While no one would contest liquidity supply is running high, failure in feeding credit-hungry firms and families comes under severe criticism. Blaming the financial system for failing to work properly stands as a poor excuse. It has never cast a tender look at borrowers. Claiming monetary policy is flawed neither serves as a plausible explanation for vindicating such a fund crunch. For, It overlooks the obvious fact that banks will hoard resources so long as they are confronted with the demanding hurdles future solvency requirements amount to. Refraining from granting money to third parties stands as the safest way for enhancing own funds. Governments having pressed hard for demanding capital ratios, as their top priority, cannot expect banks to keep their lending windows fully open.
Moreover, Governments have overtly enticed the ECB turning itself into their own banker.
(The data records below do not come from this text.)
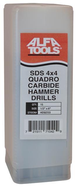 SDS 4 x 4 Quadro Contractor Pack, 1/4" Drill, 10" Drilling Depth, 12-1/4" Overall Length, Solid Carbide Quadro Head, 4 Slot SDS Drive System, 25 per Package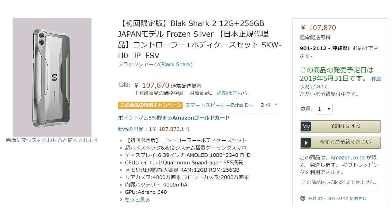 Amazon における国内版「Black Shark 2」の価格は、107,870 円です。しかも専用コントローラーとボディケースがバンドルされる、初回限定仕様。価格は高いですが、相対的にはお得です。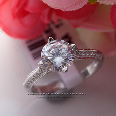 正品莫桑石钻戒1克拉S925纯银戒指女仿真钻石求婚结婚送女友礼物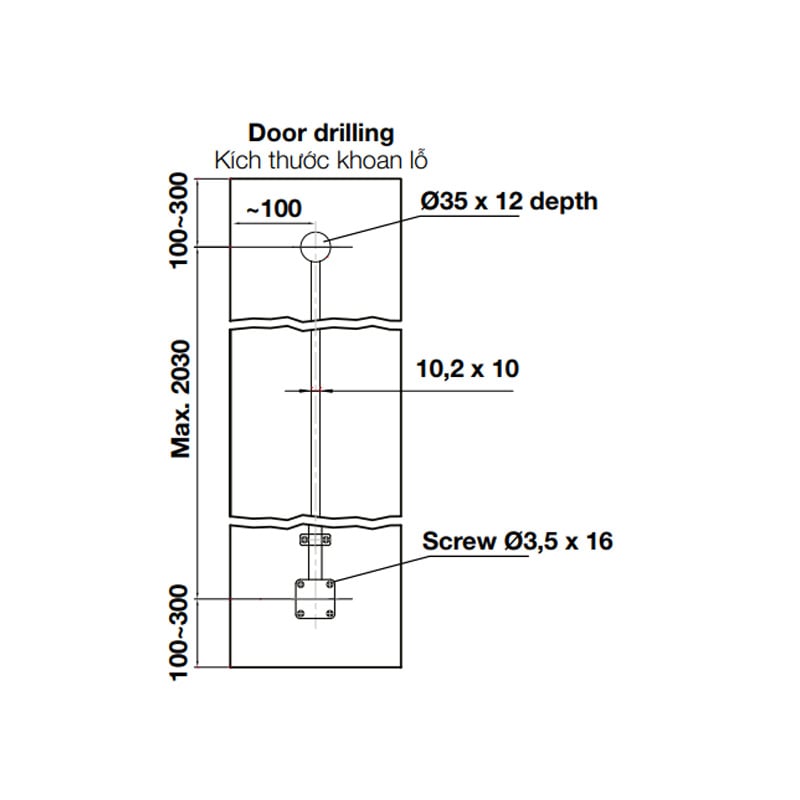 Lưu ý: Không sử dụng cho cánh cửa gỗ tự nhiên.

They readily endorsed tailor-made LTRO and liquidity expansion for fuelling a whopping demand in sovereigns. Solvency rules provided a lavishly preferential treatment to these assets. No wonder financial resources have secured a soft landing cushion for public debt while denying vital funds for anchoring private deleverage. Saving the Euro has worked as a smokescreen for salvaging public finances from their plight.
Ensuring skewed financial support for Governments involves a high price in terms of lower growth and mounting impaired assets. The more so, as low price environment turns deleverage into a far more demanding endeavour. It forces real adjustment to fill the gap, while financial costs become an increasingly awesome burden. Pressing banks to finance their shortcomings with no public support in sight adds fuel to the flames. In the absence of a robust backstop, the financial community is bound to parcel out credit further, entrenching itself from potential slippages. Don’t blame bankers for blatantly underperforming their job, when Governments act in such a selfish mood.